Dans la région Mboula au Sénégal, le gouvernement régional a distribué des pistes de terre à des groupes de femmes pour cultiver la terre ensemble afin de répondre aux besoins alimentaires des ménages. Les femmes se sont organisées elles-mêmes en groupes qui travaillent un jour par semaine. Les bénéfices dépassaient les attentes du gouvernement. Les femmes travaillent moins longtemps sur le champ mais produisent constamment des excédents alimentaires, réalisant en même temps les besoins de la famille et du marché. Ces résultats, combinés avec la sécurité du mandat qu’elles ont sur la terre qu’elles travaillent ont motivé ces femmes pour suivre une formation pour cultiver un arbre traditionnel à grande échelle. Elles ont l’intention de produire l’huile commercialement, récolter les feuilles comme nourriture et améliorer la productivité du pays par agro-foresterie.

Dans le nord-est de l’Ouganda le gouvernement a pris une initiative similaire mais va encore plus loin. Le public visé sont des femmes qui possèdent seulement des droits d’utiliser la terre familiale. Là, où la terre était dégradée et la production était incertaine, elles ont remis en état les terres dégradées et produisent maintenant du surplus. Les ministres de l’environnement et du commerce ont développé ensemble un programme pour instruire les femmes comment mettre en place, diriger et gérer une coopérative. Les femmes sont près de se joindre à la chaîne d’approvisionnement alimentaire officielle. Elles sont entrepreneuses et créatrices d’emploi dans leur communauté.

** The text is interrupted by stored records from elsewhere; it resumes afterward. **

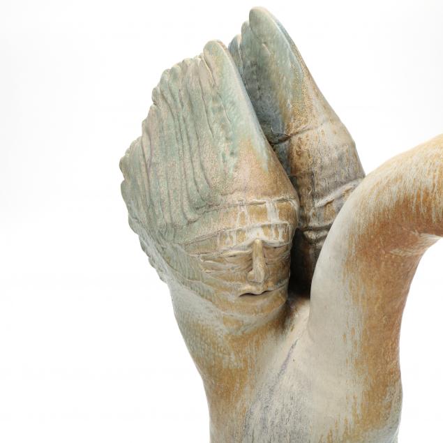 Glazed stoneware with carving and pale tints, a large goose with wings, the wings carved to resembling a Native American chief, inscribed on the underside "TS 92".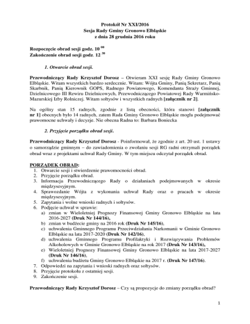 Protokół Nr XXI - BIP Urzędu Gminy Gronowo Elbląskie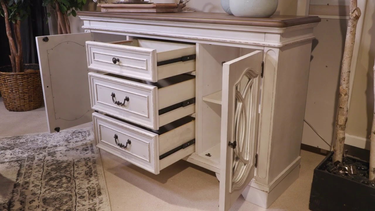 Serve up a French country-inspired feast for the eyes with the Realyn dining room server. Unique elements include cabinet storage beautified with decorative fretwork over mirrored glass and a doubly charming two-tone aesthetic pairing a chipped white with a distressed wood finished top.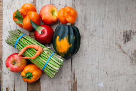 Close up of composition fresh seasonal vegetables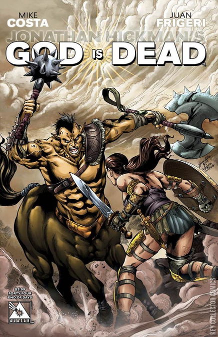 The genie is out of the bottle and the gods are amok once more. But now with no memory of antiquity they are ravenous with the power to kill and demand fealty. Gluttonous deities descend upon an unknowing mortal plane and the resulting destruction pushes the planet once more toward oblivion. Mike Costa delivers a new and terrifying chapter in the war of the divine! Available with Regular Cover by Jacen Burrows, Enchanting & End of Days Covers by Jose Luis, Iconic Cover by Juan Frigeri, a Carnage Wraparound Cover by German Nobile, and a special Gilded Incentive Cover also by Luis.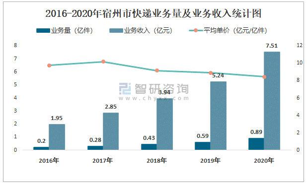 2016-2020年宿州市快遞業務量及業務收入統計圖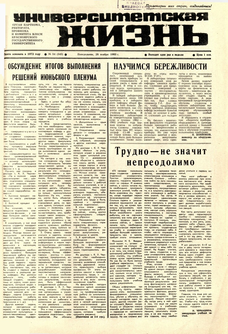 Библиографическое описание:Университетская жизнь : газета/ Красноярский государственный университет. - Красноярск : КрасГУ, 1972 - - 2006 1983г. N 34 (342) (28 ноября)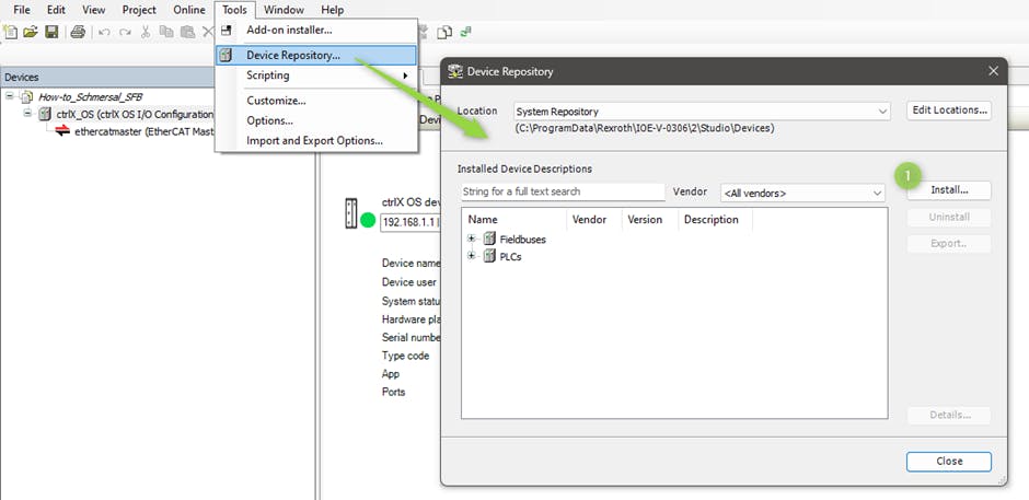 Install the device description files (ESI) for SAFEX-C.1x (two files) and SFB (one file) once in “Tools > Device Repository ... ".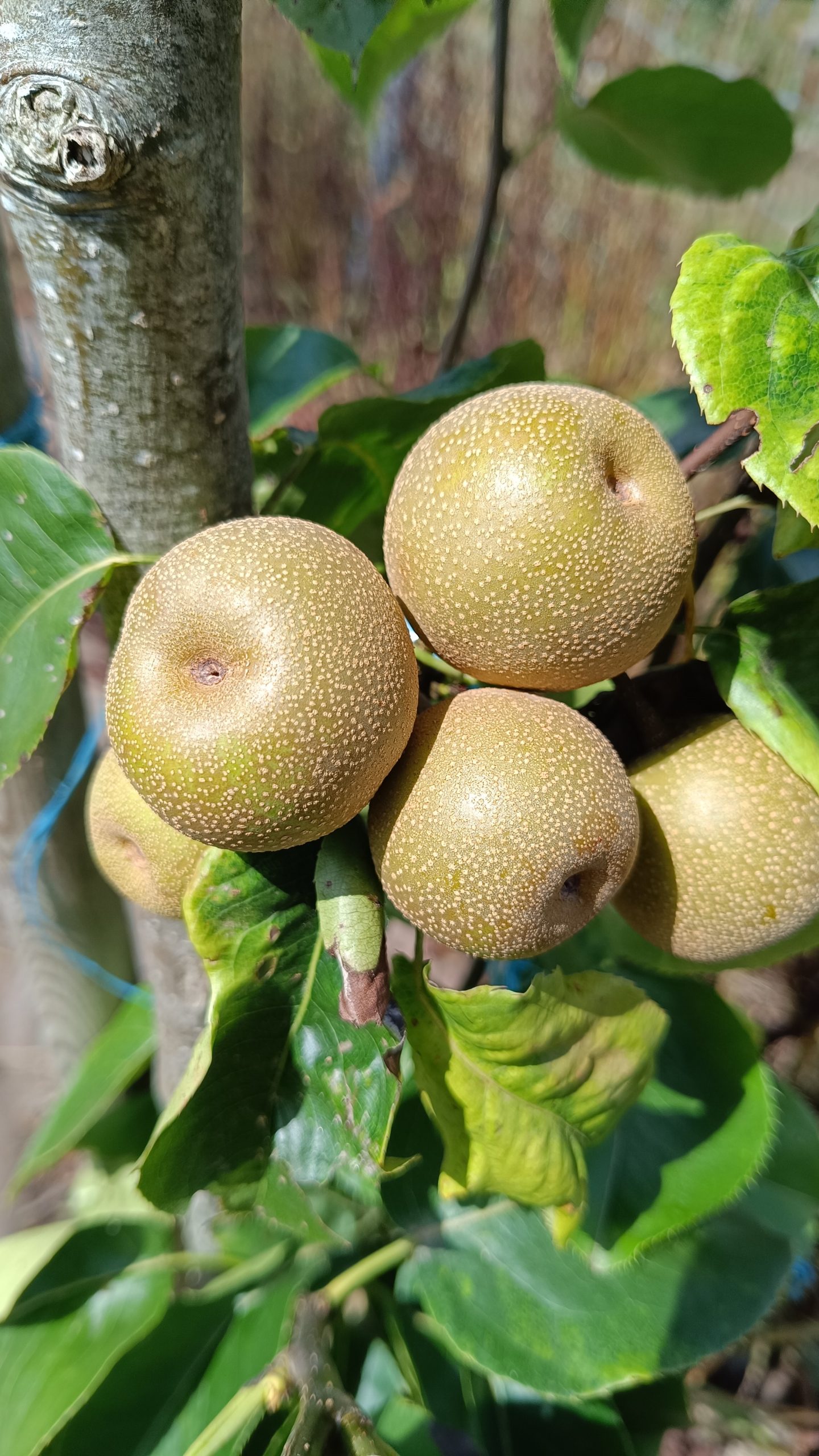 Fruit rond, peau bronzé doré avec de grandes lenticelles, arbre vigoureux et productif, maturité en août, bon calibre (200 à 250g), excellente qualité gustative, chair douce, juteuse et parfumée.
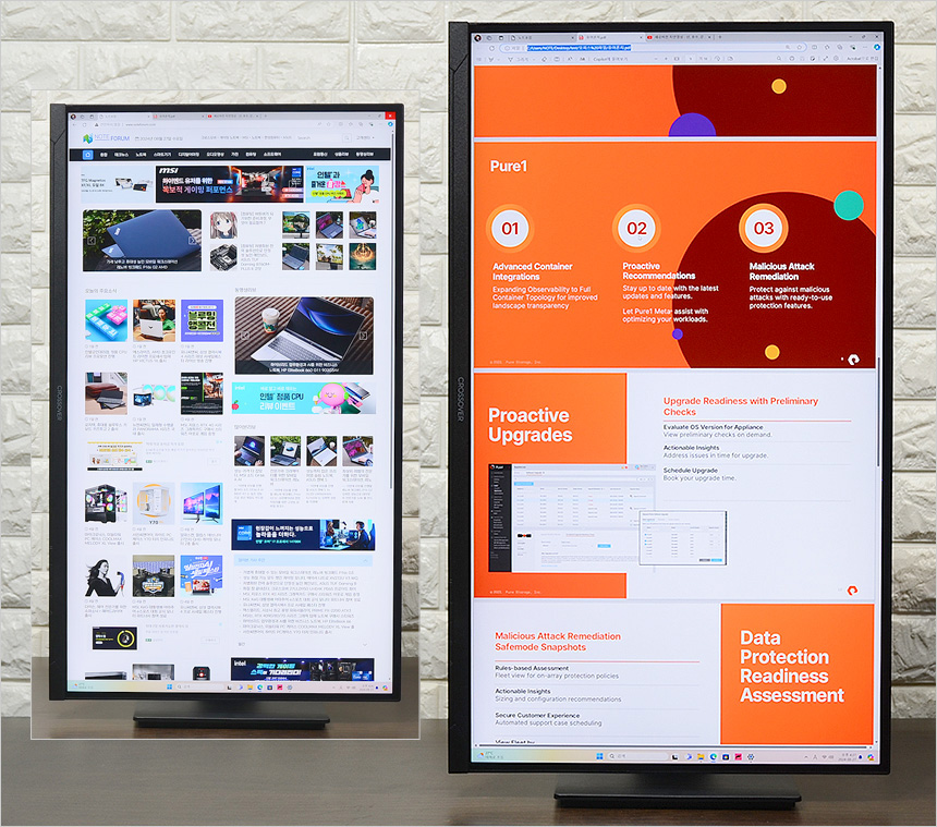 모니터 깜빡임으로 인한 눈의 피로를 최소화 하기 위해 플리커 프리 기술을 지원한다. 상단의 사진은 테스트를 위해 일반 모니터를 추가로 셋팅한 모습으로 눈으로 볼 때에는 큰 차이가 없는 것을 확인할 수 있다.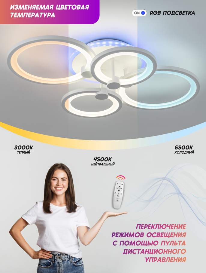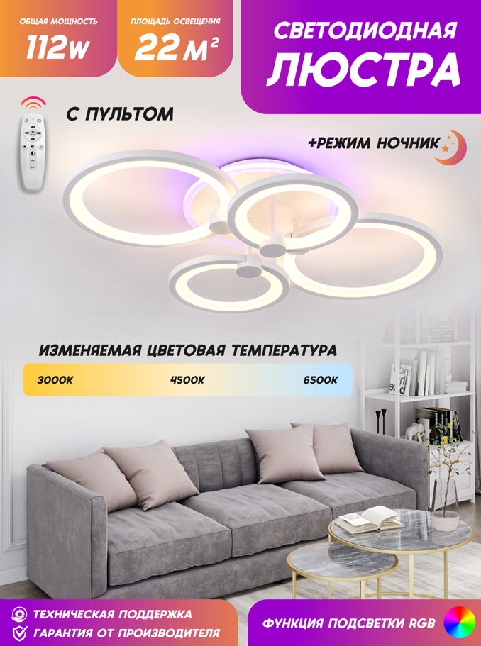 СохранитьЛюстра потолочная ЯЛампа YA2413-4 WH светодиодная 112 W пульт управления RGB-подсветка, изменяемая цветовая температура интересное: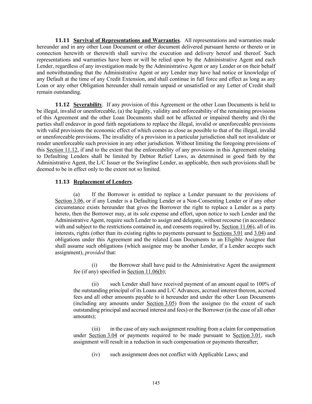 145 11.11 Survival of Representations and Warranties. All representations and warranties made hereunder and in any other Loan Document or other document delivered pursuant hereto or thereto or in connection herewith or therewith shall survive the execution and delivery hereof and thereof. Such representations and warranties have been or will be relied upon by the Administrative Agent and each Lender, regardless of any investigation made by the Administrative Agent or any Lender or on their behalf and notwithstanding that the Administrative Agent or any Lender may have had notice or knowledge of any Default at the time of any Credit Extension, and shall continue in full force and effect as long as any Loan or any other Obligation hereunder shall remain unpaid or unsatisfied or any Letter of Credit shall remain outstanding. 11.12 Severability. If any provision of this Agreement or the other Loan Documents is held to be illegal, invalid or unenforceable, (a) the legality, validity and enforceability of the remaining provisions of this Agreement and the other Loan Documents shall not be affected or impaired thereby and (b) the parties shall endeavor in good faith negotiations to replace the illegal, invalid or unenforceable provisions with valid provisions the economic effect of which comes as close as possible to that of the illegal, invalid or unenforceable provisions. The invalidity of a provision in a particular jurisdiction shall not invalidate or render unenforceable such provision in any other jurisdiction. Without limiting the foregoing provisions of this Section 11.12, if and to the extent that the enforceability of any provisions in this Agreement relating to Defaulting Lenders shall be limited by Debtor Relief Laws, as determined in good faith by the Administrative Agent, the L/C Issuer or the Swingline Lender, as applicable, then such provisions shall be deemed to be in effect only to the extent not so limited. 11.13 Replacement of Lenders. (a) If the Borrower is entitled to replace a Lender pursuant to the provisions of Section 3.06, or if any Lender is a Defaulting Lender or a Non-Consenting Lender or if any other circumstance exists hereunder that gives the Borrower the right to replace a Lender as a party hereto, then the Borrower may, at its sole expense and effort, upon notice to such Lender and the Administrative Agent, require such Lender to assign and delegate, without recourse (in accordance with and subject to the restrictions contained in, and consents required by, Section 11.06), all of its interests, rights (other than its existing rights to payments pursuant to Sections 3.01 and 3.04) and obligations under this Agreement and the related Loan Documents to an Eligible Assignee that shall assume such obligations (which assignee may be another Lender, if a Lender accepts such assignment), provided that: (i) the Borrower shall have paid to the Administrative Agent the assignment fee (if any) specified in Section 11.06(b); (ii) such Lender shall have received payment of an amount equal to 100% of the outstanding principal of its Loans and L/C Advances, accrued interest thereon, accrued fees and all other amounts payable to it hereunder and under the other Loan Documents (including any amounts under Section 3.05) from the assignee (to the extent of such outstanding principal and accrued interest and fees) or the Borrower (in the case of all other amounts); (iii) in the case of any such assignment resulting from a claim for compensation under Section 3.04 or payments required to be made pursuant to Section 3.01, such assignment will result in a reduction in such compensation or payments thereafter; (iv) such assignment does not conflict with Applicable Laws; and

De petits changements peuvent être transformationnels.

C’est une priorité absolue de préparer chaque fille à être autonome économiquement afin d’obtenir l’égalité des sexes d’ici 2030. Un regard dans l’histoire du passé nous avertit qu’il sera inéluctable de renouveler les droits fonciers des femmes comme nous avançons vers 2030.

Il y a différents chemins pour atteindre ce but. Les femmes rurales peuvent acquérir individuellement ou en groupe des droits fonciers. Que les femmes aient seulement le droit d’utilisation et d’accès au terrain ce qui leur donne la possibilité dé posséder et de vendre ce qu’elles produisent, est une autre option. L’abnégation des droits fonciers par la culture est blâmable.

Là où la direction est éclairée et progressive, il est possible de créer de nouveaux modèles de droits fonciers.